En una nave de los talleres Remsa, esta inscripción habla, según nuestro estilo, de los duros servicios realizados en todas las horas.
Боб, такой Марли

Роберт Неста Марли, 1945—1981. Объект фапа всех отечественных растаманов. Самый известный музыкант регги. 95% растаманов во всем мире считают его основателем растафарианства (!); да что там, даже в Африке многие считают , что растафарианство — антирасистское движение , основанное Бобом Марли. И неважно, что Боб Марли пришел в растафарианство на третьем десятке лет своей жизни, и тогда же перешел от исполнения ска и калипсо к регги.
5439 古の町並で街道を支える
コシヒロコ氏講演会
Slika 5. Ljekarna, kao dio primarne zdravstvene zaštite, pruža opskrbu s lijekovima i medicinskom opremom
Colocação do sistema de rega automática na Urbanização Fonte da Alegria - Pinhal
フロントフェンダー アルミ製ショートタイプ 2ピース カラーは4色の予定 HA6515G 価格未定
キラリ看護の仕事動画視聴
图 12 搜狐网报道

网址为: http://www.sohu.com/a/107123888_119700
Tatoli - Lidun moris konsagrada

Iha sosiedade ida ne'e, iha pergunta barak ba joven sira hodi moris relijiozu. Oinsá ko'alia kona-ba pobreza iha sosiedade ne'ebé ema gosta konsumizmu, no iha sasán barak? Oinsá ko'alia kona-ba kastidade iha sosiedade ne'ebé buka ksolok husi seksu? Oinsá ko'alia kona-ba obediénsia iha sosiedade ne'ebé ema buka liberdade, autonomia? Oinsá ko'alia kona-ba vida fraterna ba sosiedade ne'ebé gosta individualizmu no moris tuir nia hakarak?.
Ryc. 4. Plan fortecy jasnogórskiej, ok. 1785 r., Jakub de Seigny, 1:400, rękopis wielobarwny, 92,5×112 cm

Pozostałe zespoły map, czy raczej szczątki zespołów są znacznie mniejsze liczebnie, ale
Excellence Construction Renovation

THE PROBLEM:
Across the data, count every line where the string "Марли" turns up, then write only that count.

ANSWER TO THE PROBLEM:
2